Asset sales were a key area of Osborne’s plans to raise funds for increased spending and he confirmed plans for £4.5bn of sales through government departments. Among the assets to be sold are several London Victorian era prisons which could have a development value in excess of £3bn. Councils are also allowed to retain receipts from local property sales.
Housing
- £6.9bn pledged to fund development of new first time buyer homes
- 3% increase on stamp duty for buy-to-let properties and second homes
- London Help to Buy scheme introduced to offer interest-free loan worth up to 40% of the value of a new home
- Ensuring the release of unused and previously undeveloped commercial, retail, and industrial land for Starter Homes
- Loosened restriction on brownfield sites in the Green Belt
- Reforms to the planning system, including a new delivery test on local authorities to ensure delivery against the number of homes set out in council’s Local Plans
- Backing SME house builders by extending the £1bn Builders’ Finance Fund to 2020-21, and halving the length of the planning guarantee for minor developments
- Offering £2.3bn in loans to help regenerate large council estates and invest in infrastructure needed for major housing developments
- Investing £310m to deliver the first new garden city, Ebbsfleet
By committing billions of pounds to building new homes the government is clearly committed to increasing both housing supply and home ownership. However, the government needs to understand that these new homes must be built in locations with good transport links, hospitals, schools and employment possibilities. The chosen locations need a variety of housing types to suit different demographics.

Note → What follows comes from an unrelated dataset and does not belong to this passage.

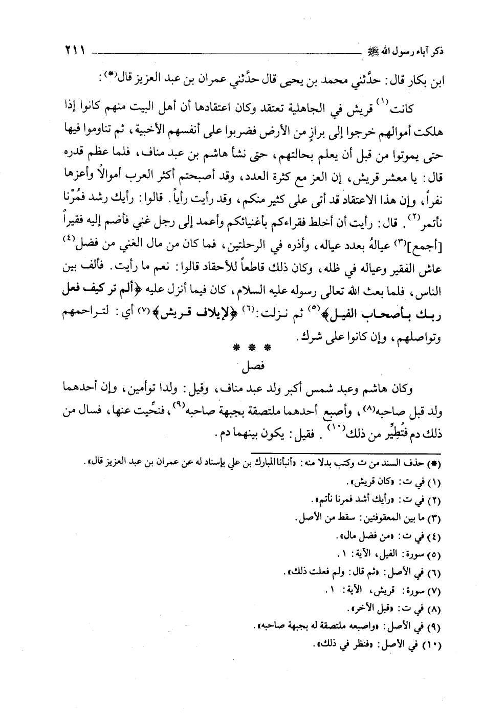كانت [2] قريش فِي الجاهلية تعتقد وكان اعتقادها أن أهل البيت منهم كانوا إذا هلكت أموالهم خرجوا إِلَى براز من الأرض فضربوا عَلَى أنفسهم الأخبية، ثم تناوموا فيها حَتَّى يموتوا من قبل أن يعلم بحالتهم، حَتَّى نشأ هاشم بْن عَبْد مناف، فلما عظم قدره قال: يا معشر قريش، إن العز مع كثرة العدد، وقد أصبحتم أكثر العرب أموالا وأعزها نفرا، وإن هَذَا الاعتقاد قد أتى عَلَى كثير منكم، وقد رأيت رأيا. قالوا: رأيك رشد فمرنا نأتمر [3] . قال: رأيت أن أخلط فقراءكم بأغنيائكم وأعمد إِلَى رجل غني فأضم إليه فقيرا [أجمع] [4] عياله بعدد عياله، وأذره فِي الرحلتين، فما كان من مال الغني من فضل [5] عاش الفقير وعياله فِي ظله، وكان ذلك قاطعا للأحقاد قالوا: نعم ما رأيت. فألف بين الناس، فلما بعث اللَّه تعالى رسوله عَلَيْهِ السلام، كان فيما أنزل عَلَيْهِ أَلَمْ تَرَ كَيْفَ فَعَلَ رَبُّكَ بِأَصْحابِ الْفِيلِ 105: 1 [6] ثم نزلت: [7] لِإِيلافِ قُرَيْشٍ 106: 1 [8] أي: لتراحمهم وتواصلهم، وإن كانوا عَلَى شرك

The construction industry has been preparing to boost its capacity to a level allowing it to meet the demand for housing. However, reforms of the planning system to increase the supply of smaller sites to ensure local initiatives deliver and releasing more public land would be a step towards speeding up the rate to which developers can build.
The new 3% increase in stamp duty for buy-to-let properties and second homes has been designed to deter buy-to-let and overseas investors. This could have a negative impact on buy-to-let investors and the rental market and may lead to a shortage of good quality properties or increases in rent.
The investment of £310m to deliver the new garden city at Ebbsfleet is part of a wider £700m programme of regeneration at Barking Riverside, Brent Cross, Northstowe and Bicester Garden Town.